# RECORDS PROVIDED
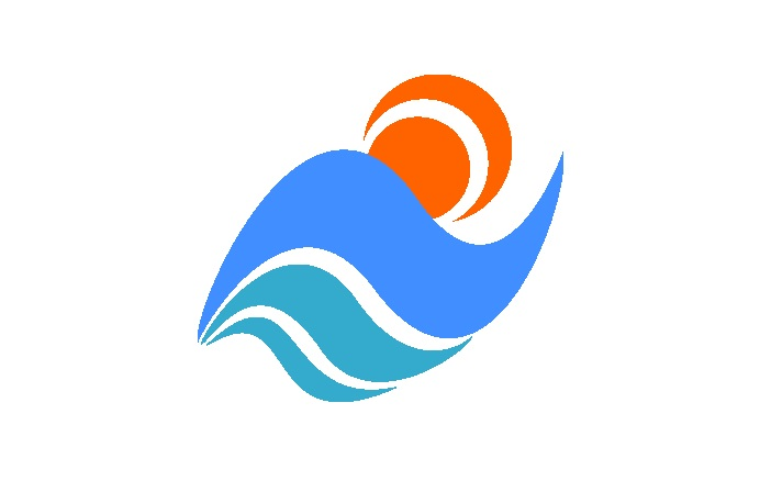 Flag of Nishiizu Shizuoka
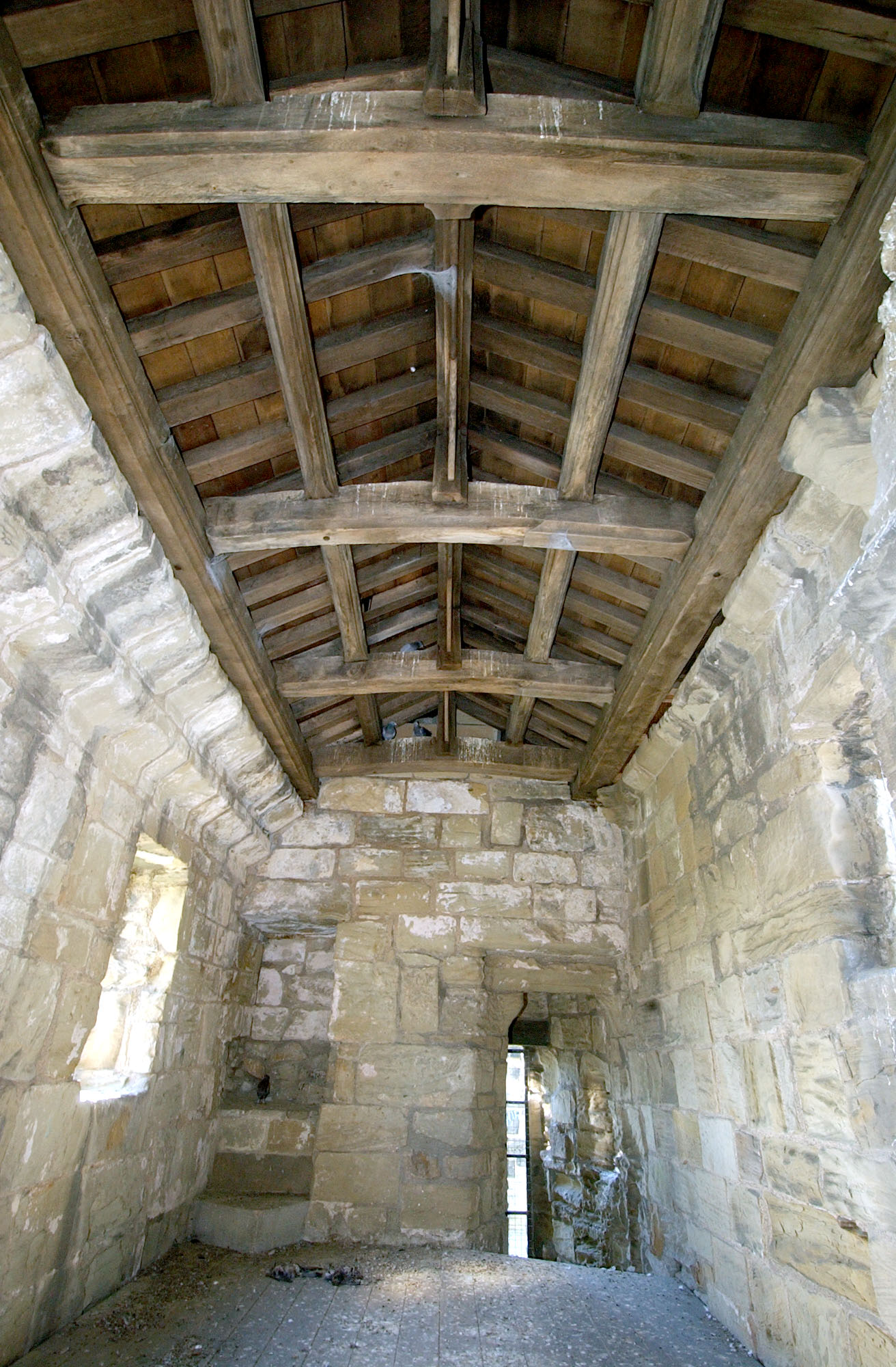 Hylton Castle in Tyne and Wear, England.
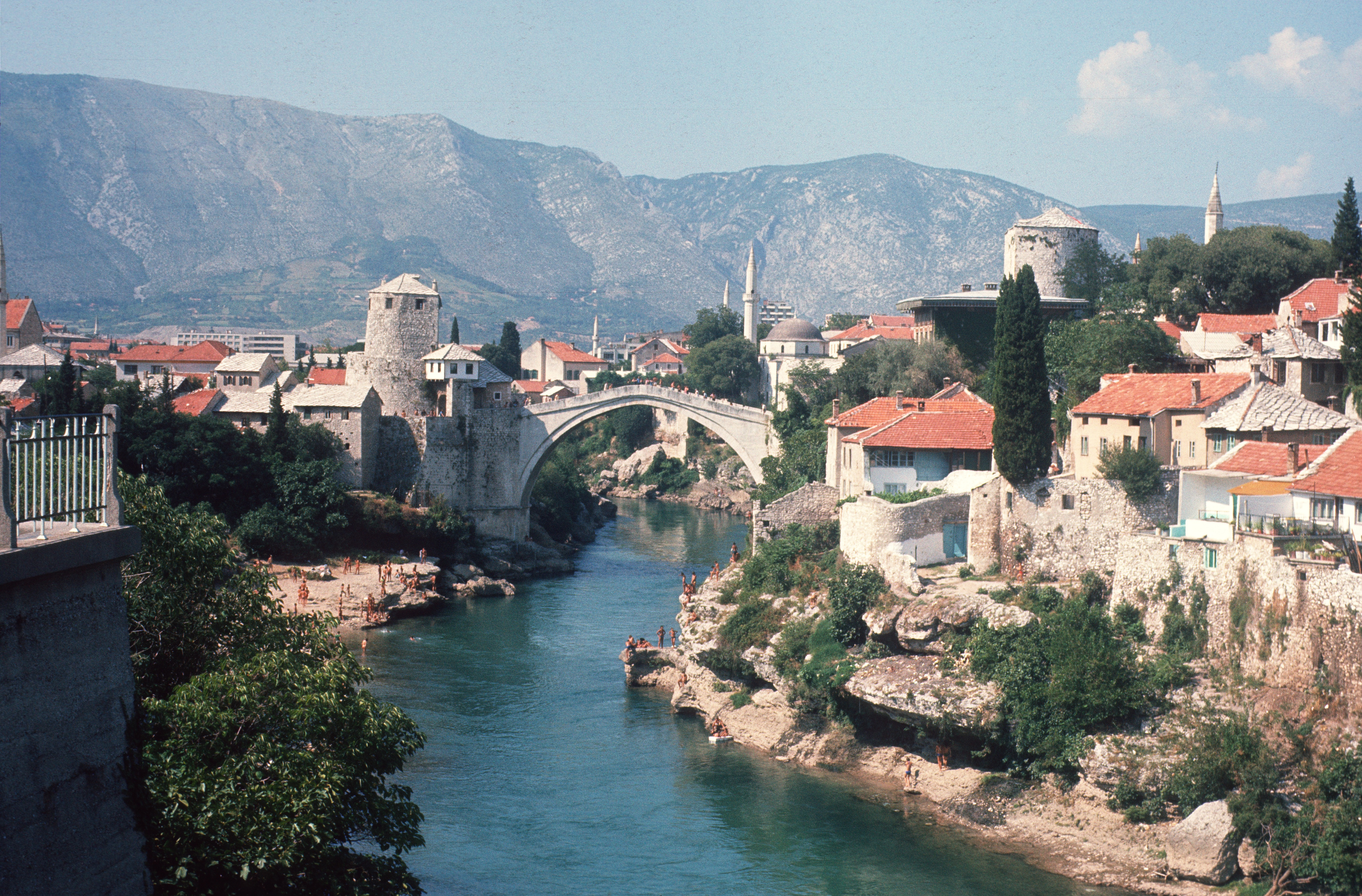 Stari Most Bridge in Mostar, Photo taken August 1974
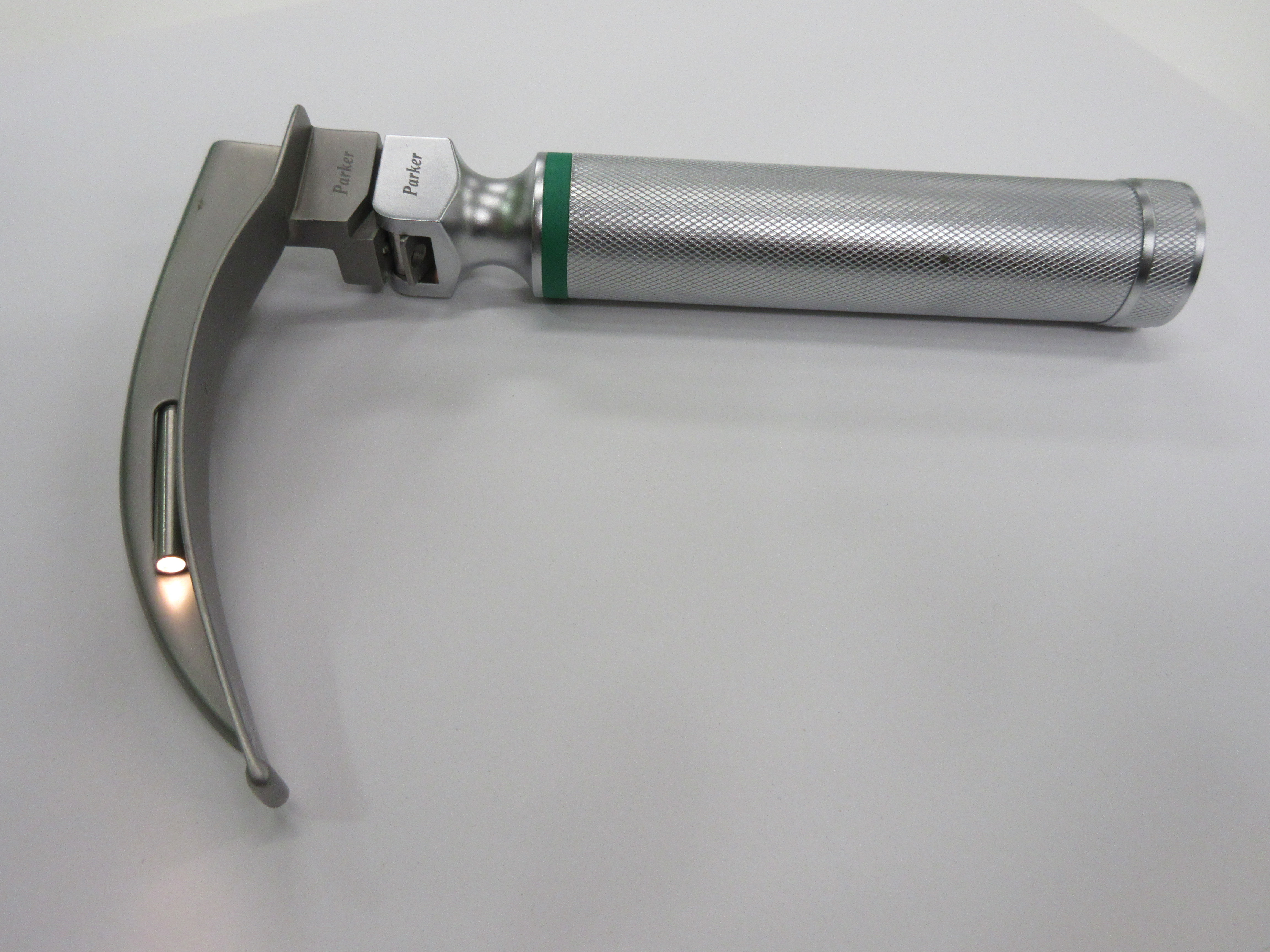 Laryngoscope
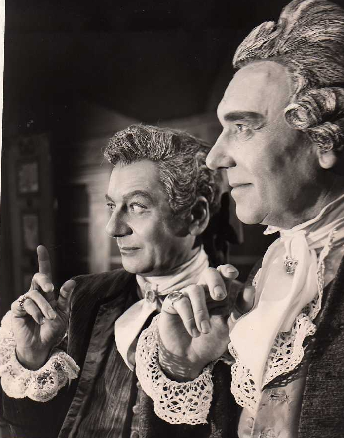 Promotional image for the 1963 Broadway production of The School for Scandal, featuring John Gielgud (left) and Ralph Richardson (right)
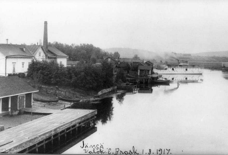 Jämsä dairy by river Jämsänjoki in Finland in 1914
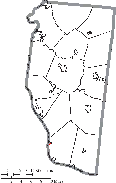 Map of the municipal and township boundaries of Clermont County, Ohio, United States, as of the 2000 census, with the location of the village of Moscow highlighted. Township borders are shown only in unincorporated areas in order to differentiate incorporated and unincorporated areas more clearly.
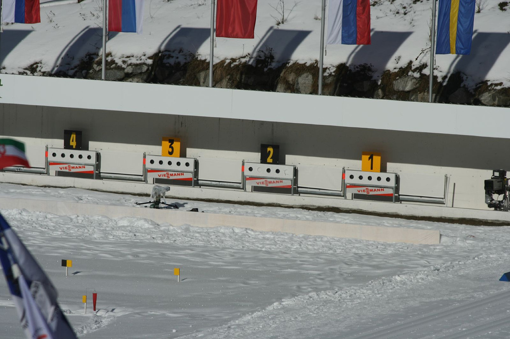 Photo of biathlon targets.
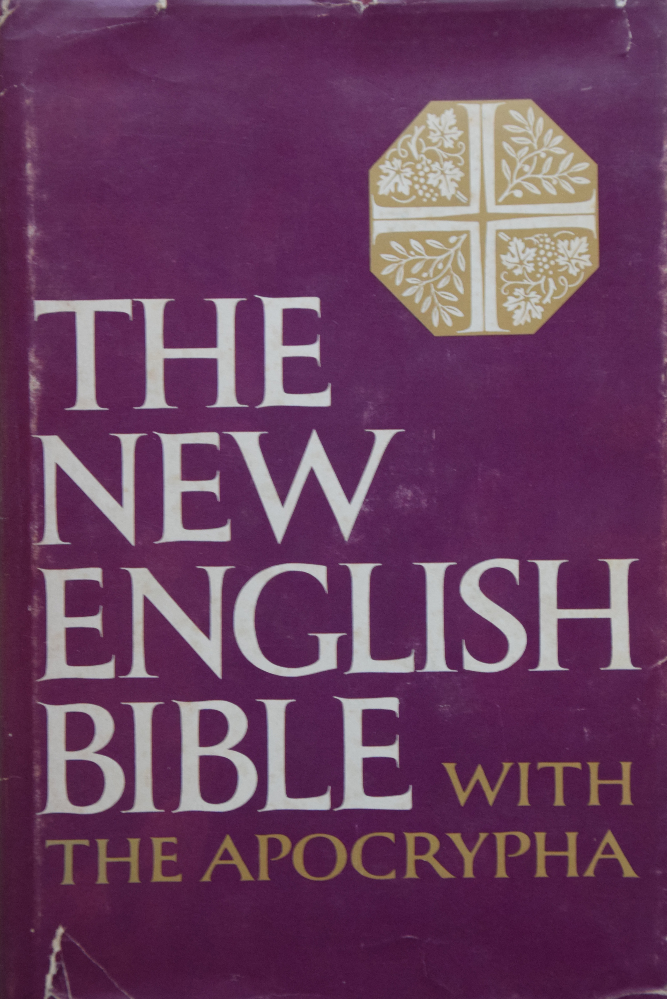 The New English Bible with the Apocrypha cover
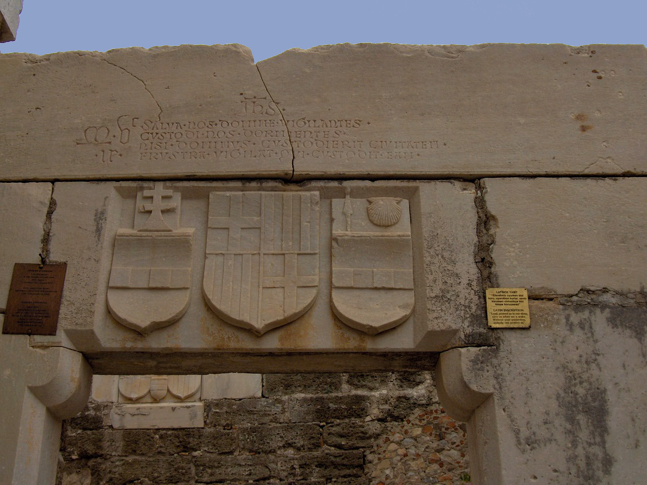 Inscription above the (quartered) coat of arms of the Order and Grand Master D'Amboise, St. Peter's castle; Bodrum, Turkey The inscription says : Salva nos domine vigilantes (Lord, protect us while we are on watch,) Custodi nos dormientes. (Take care of us while we are asleep.) Nisi dominus custodierit civitatem (If the Lord did not protect the city) frustra vigilat qui custodit eam. (those who are in charge of it would vainly be on guard.)
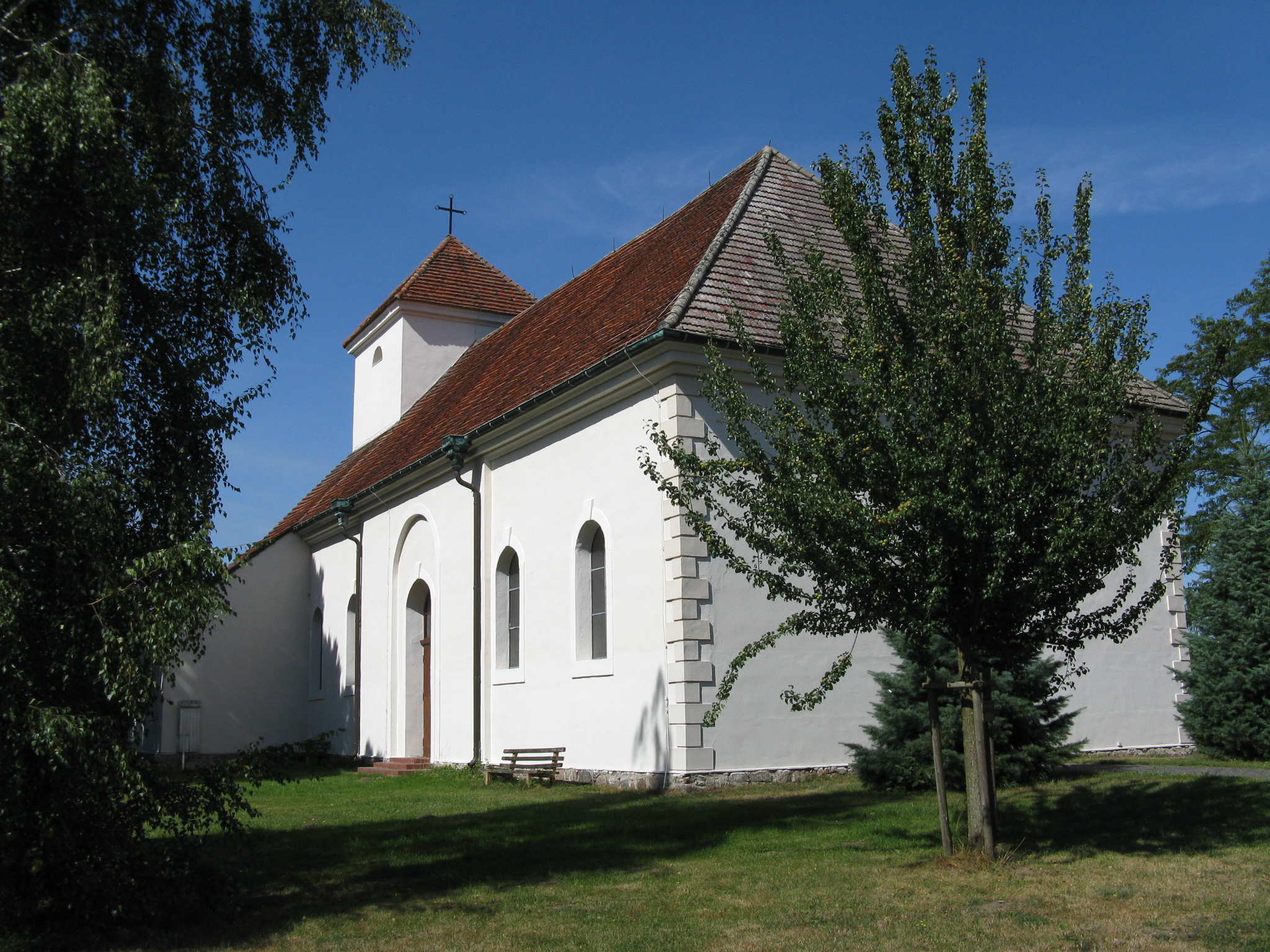 Church in Rechlin Nord, disctrict Müritz, Mecklenburg-Vorpommern, Germany

# YOUR INSTRUCTIONS
Omit the pictures, then repeat exactly each line from the beginning of the listing through the line with "Promotional image for".

# TASK OUTPUT
 Flag of Nishiizu Shizuoka
 Hylton Castle in Tyne and Wear, England.
 Stari Most Bridge in Mostar, Photo taken August 1974
 Laryngoscope
 Promotional image for the 1963 Broadway production of The School for Scandal, featuring John Gielgud (left) and Ralph Richardson (right)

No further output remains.